═══ Information provided ═══
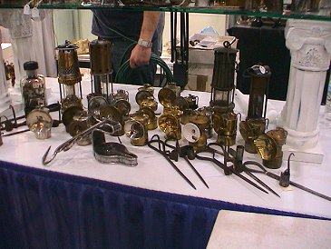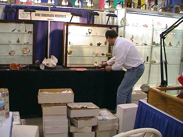 In addition to fine minerals Mike Bergman offers many mining artifacts including these miner's lamps.  The shot on the right is of Mike working on his display.
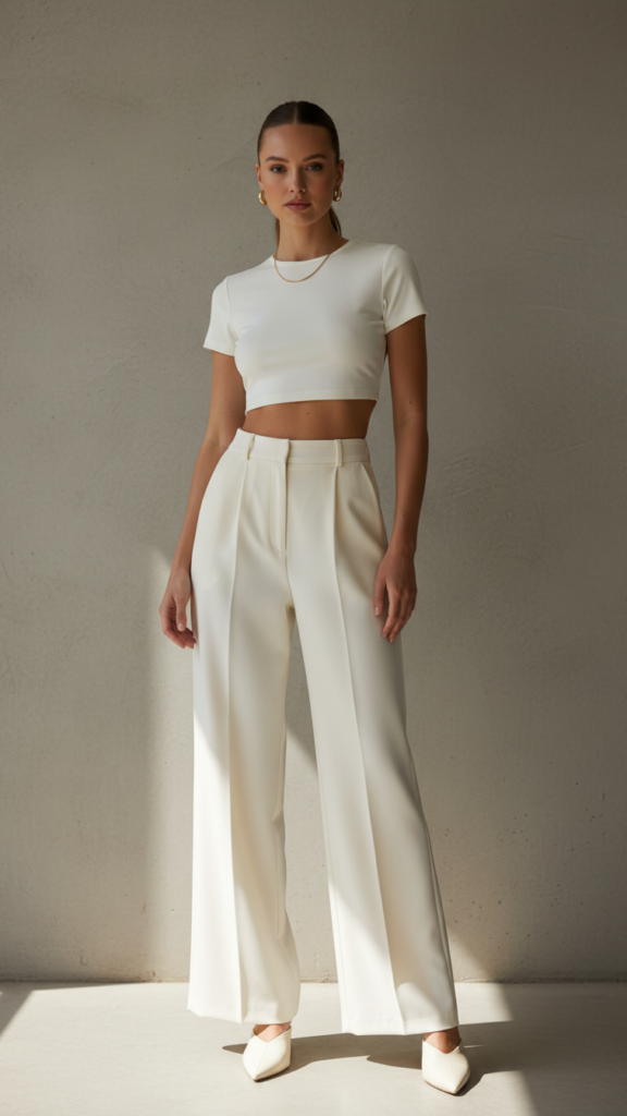 This combo is for when you want to look put together but also want to show a little skin. High-waisted wide-leg trousers in white create the longest leg line ever, and a fitted crop top balances everything out perfectly. It’s structured but still fun.
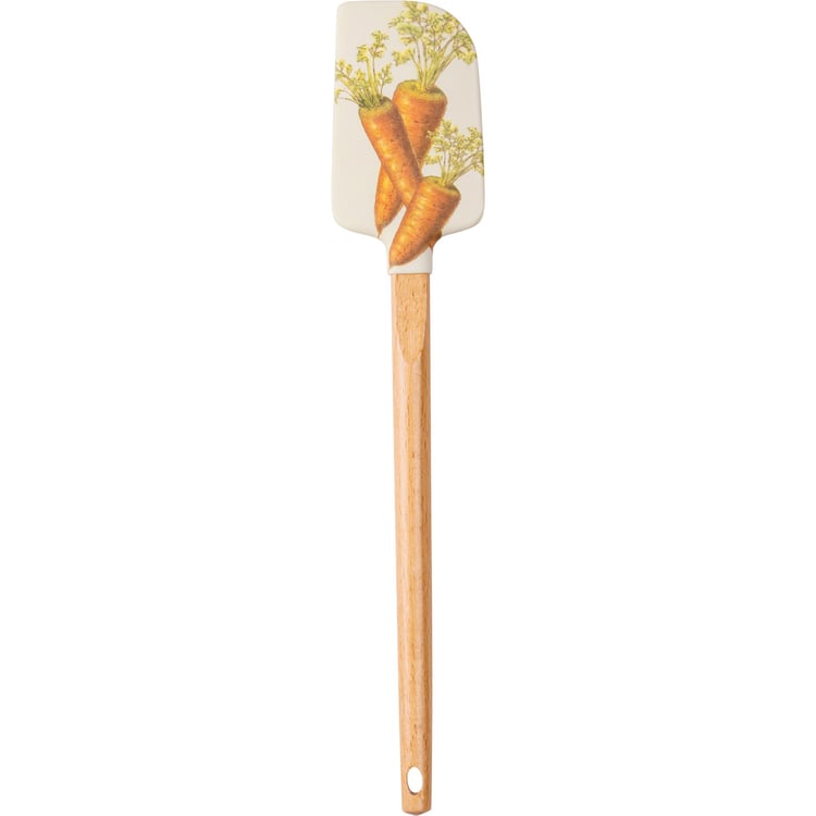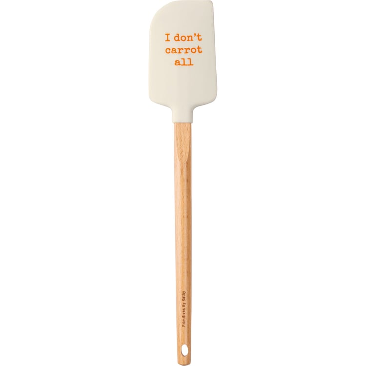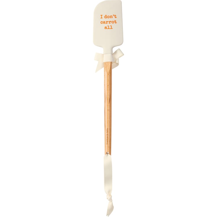 A double-sided silicone spatula from our Kitchen Tools Collection features carrot designs on one side, and "I Don't Carrot All" sentiment on the other side. Our I Don't Carrot All spatula features a logo engraved into wooden handle for added interest and includes a decorative bow and ribbon for hanging. Hand wash recommended; not microwave safe.
═══
* [Work order]
When you reproduce the material, keep every word exact and leave each picture out.

* [Result of the exercise]
 In addition to fine minerals Mike Bergman offers many mining artifacts including these miner's lamps.  The shot on the right is of Mike working on his display.
 This combo is for when you want to look put together but also want to show a little skin. High-waisted wide-leg trousers in white create the longest leg line ever, and a fitted crop top balances everything out perfectly. It’s structured but still fun.
 A double-sided silicone spatula from our Kitchen Tools Collection features carrot designs on one side, and "I Don't Carrot All" sentiment on the other side. Our I Don't Carrot All spatula features a logo engraved into wooden handle for added interest and includes a decorative bow and ribbon for hanging. Hand wash recommended; not microwave safe.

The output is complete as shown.